Most distributed systems problems have just a few basic elements. For example:
  • Distribution of responsibilities among component parts

  • Dependency management between those component parts

  • Scalability and reliability

    • Of the system as a whole
    • Of each component

  • Data Access and Management

  • Communication and Networking

  • Monitoring and Systems Management

However, because cloud computing involves leveraging services and systems entirely outside of the architect's control, several additional issues must be considered. Again, for example:
  • How are the responsibilities of a complex distributed system best managed when the services being consumed are relatively fixed in the tasks they can perform?

  • How are the cloud customer's own SLA commitments best addressed when the ability to monitor and manage components of the system may be below the standards required for the task?

  • How are the economics of the cloud best leveraged?

    • How can a company gain the most work for the least amount of money?
    • How can a company leverage the cloud marketplace for not just cost savings, but also increased availability and system performance?

In an attempt to address the more cloud-specific distributed systems architecture issues, I've come up with the following list of elements to be addressed in a typical Cloud Oriented Architecture:
  • Service Fluidity - How does the system best allow for static redeployment and/or "live motion" of component pieces within and across hardware, facility and network boundaries? Specific issues to consider here include:

    • Distributed application architecture, or how is the system designed to manage component dependencies while allowing the system to dynamically find each component as required? (Hint: this problem has been studied thoroughly by such practices as SOA, EDA, etc.)
    • Network resiliency, or how does the system respond to changes in network location, including changes in IP addressing, routing and security?

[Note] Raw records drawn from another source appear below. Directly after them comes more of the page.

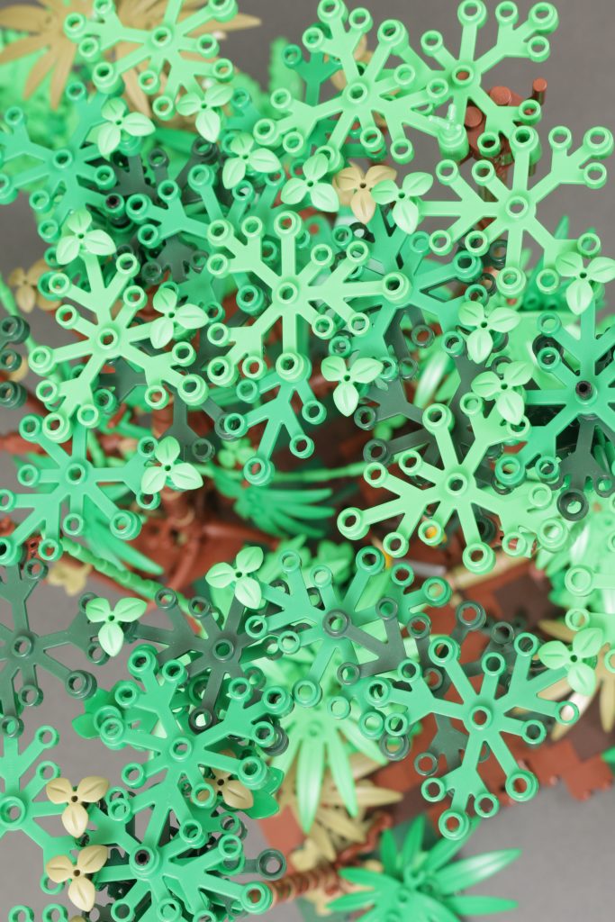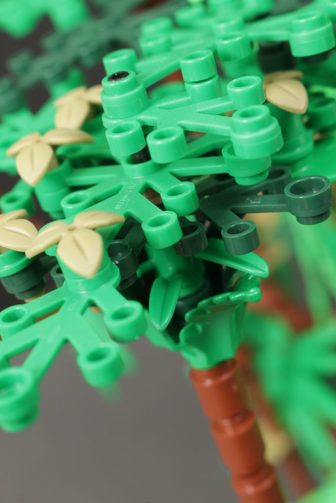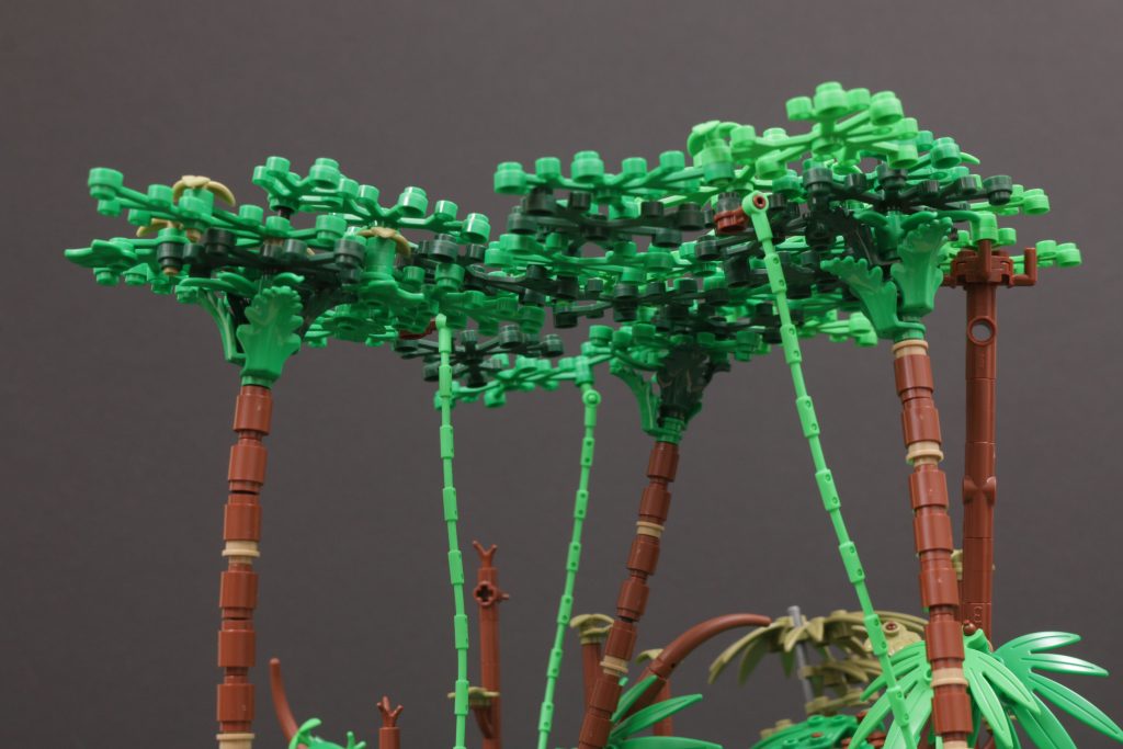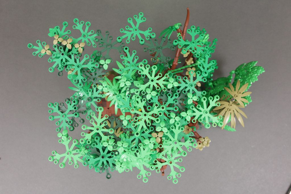 La dosel La técnica no es nada innovadora, ya que se basa en las antiguas piezas de hojas de plantas de 4×2 y 6×5 (2423 y 2417), unidas por tallos de plantas (37695). Sin embargo, es importante destacar que esto proporciona el efecto ideal de dejar pasar cantidades esporádicas de luz, crea un efecto de sombra realista y permite la instalación de numerosos anti-tachones aleatorios para conectar las copas de los árboles.
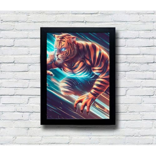 Celebre a estética requintada com nosso quadro decorativo de alta qualidade feito em MDF. Escolha entre moldura ou sem moldura, e veja como a impressão premium intensifica as cores vibrantes e a arte exclusiva do "Tigre Guerreiro".
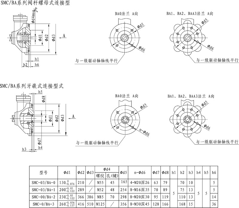 SMC/BA系列電動(dòng)裝置是SMC系列中小轉(zhuǎn)矩多回轉(zhuǎn)電動(dòng)裝置與BA圓錐齒輪減速器的一種組合型式,它適合閘閥、截止閥等多回轉(zhuǎn)閥門的驅(qū)動(dòng)控制。SMC/BA電動(dòng)裝置具有以下特點(diǎn):以較小轉(zhuǎn)矩規(guī)格的SMC電動(dòng)裝置與BA減速器組合可獲得更大的輸出轉(zhuǎn)矩。在輸出轉(zhuǎn)速允許的條件下,選用該產(chǎn)品能夠提高所選電動(dòng)裝置規(guī)格的通用性,便于產(chǎn)品的使用、維護(hù)。
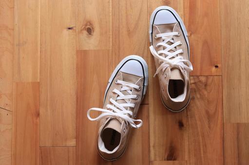 - 靴ひもと中敷きを外す
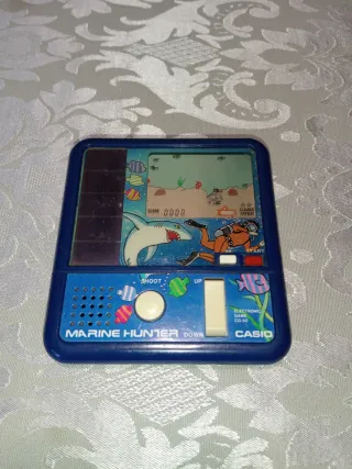 Consola de juegos electrónica portátil de Casio. - Modelo: Marine Hunter CG-50. - Diseño azul con temática marina. - Botones de control: Shoot, Up, Down, Start.
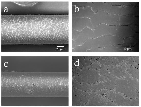 3.1. FE-SEM Observations of the Surface and Cross-Section of Human Hair Not Exposed to UV Radiation and the Surface and Cross-Section of Human Hair Exposed to UV Radiation
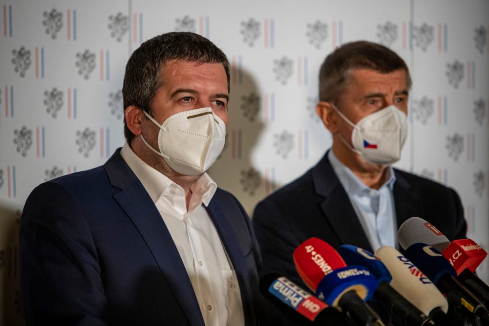 這起外交衝突爆發後,捷克在採購俄製COVID-19(武漢肺炎)疫苗以及日後核電廠的升級計畫上,都受到了波及。圖為捷克外交部長哈馬切克(左)和捷克總理巴比斯(Andrej Babis,右)一起召開記者會,宣布捷克驅逐俄國外交人員的決定。
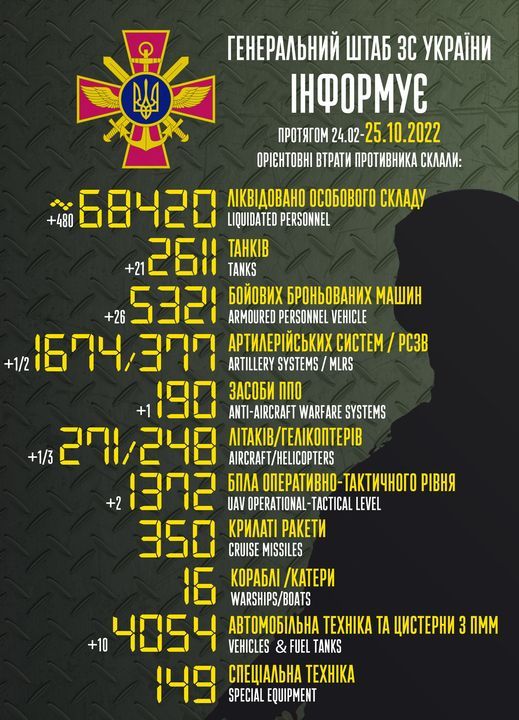 Общие боевые потери противника с 24.02 по 25.10 ориентировочно составили:
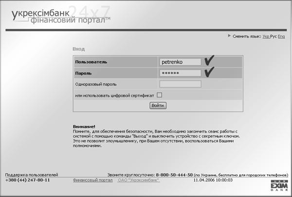 сувору взаємну аутентифікаці& 111g61b #1102; клієнта та банку за допомогою цифрових підписів і шифрування переданих даних, захист за допомогою паролів і ключових дискет. Для взаємної аутентифікаці& 111g61b #1111; клієнта та банку використовується протокол захисту даних CSafe, розроблений відповідно з рекомендаці& 111g61b #1081; НБУ. Протокол базується на стандарті ISO 10181 та використовує стандартний інтерфейс до безкоштовної та загальнодоступної бібліотеки захисту інформаці& 111g61b #1111; OpenSSL. При цьому використовуються алгоритми цифрового підпису, шифрування і хешування RSA, RC4 і SHA, які широко застосовуються в аналогічних системах найбільшими корпораці& 111g61b #1103;ми і державними установами в усьому світі;
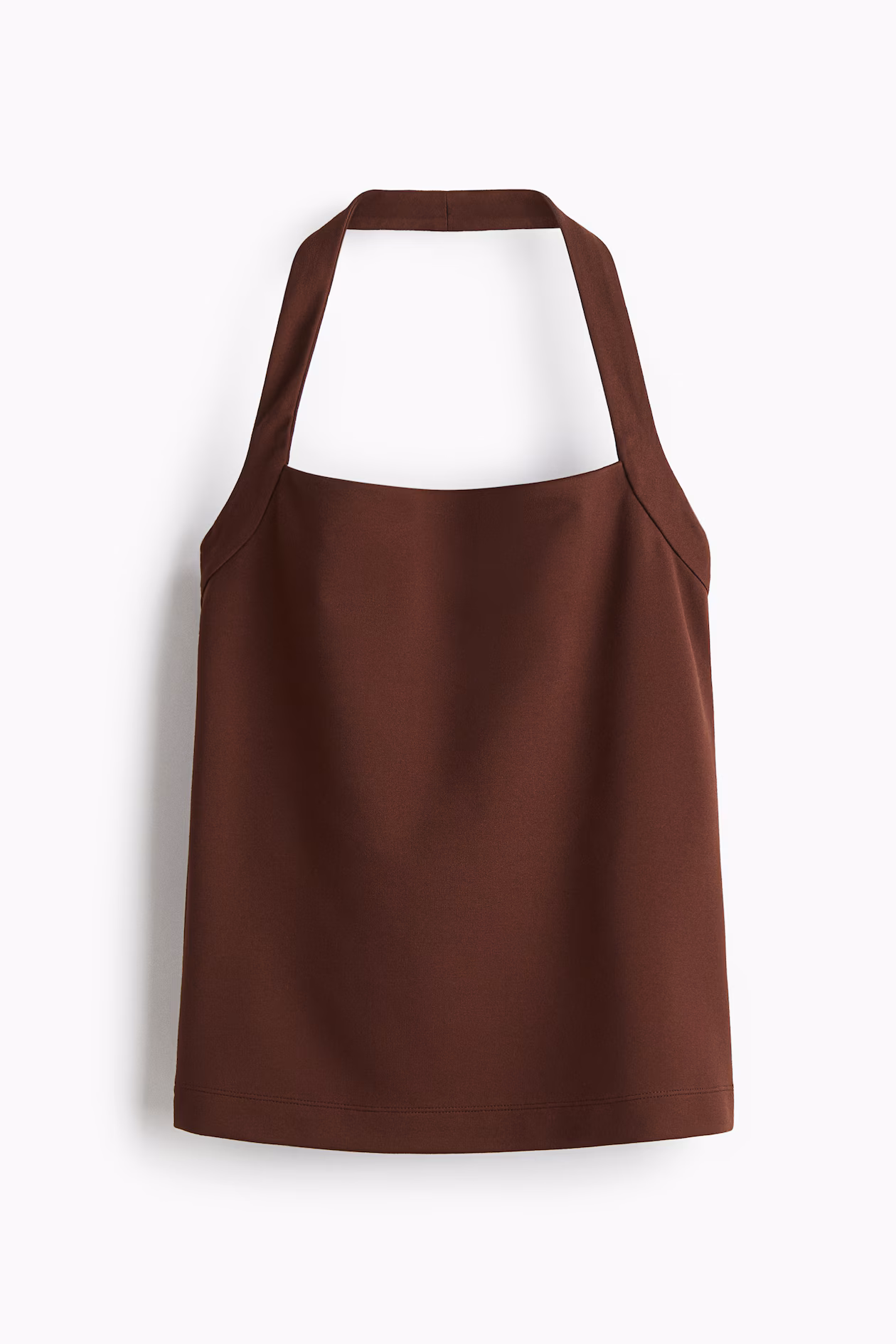 Fitted halterneck top in thick jersey with a square neckline. Partly lined.

  • Monitoring - How is the behavior and effectiveness of the system measured and tracked both to meet existing SLAs, as well as to allow developers to improve the overall system in the future? Issues to be considered here include:

    • Load monitoring, or how do you measure system load when system components are managed by multiple vendors with little or know formal agreements of how to share such data with the customer or each other?
    • Cost monitoring, or how does the customer get a accurate accounting of the costs associated with running the system from their point of view?

  • Management - How does the customer configure and maintain the overall system based on current and ongoing technical and business requirements? Examples of what needs to be considered here includes:

    • Cost, or what adjustments can be made to the system capacity or deployment to provide the required amount of service capacity at the lowest cost possible? This includes ways to manage the efficiency of computation, networking and storage.
    • Scalability, or how does the system itself allow changes to capacity to meet required workloads? These changes can happen:
      • vertically (e.g. get a bigger box for existing components--physically or virtually)
      • horizontally (e.g. add or remove additional instances of one or more components as required)
      • from a network latency perspective (adjust the ways in which the system accesses the network in order to increase overall system performance)
    • Availability, or how does the system react to failure or any one component, or any group of components (e.g. when an entire vendor cloud goes offline)?

  • Compliance - How does the overall system meet organizational, industry and legislative regulatory requirements--again, despite being made up of components from a variety of vendors who may themselves provide computing in a variety of legal jurisdictions?

Now comes the fun of breaking these down a bit, and talking about specific technologies and practices that can address them. Please, give me your feedback (or write up your criticism on your own blog, but link here so I can find you). Point me towards references to other ways to think about the problem. I look forward to the conversation.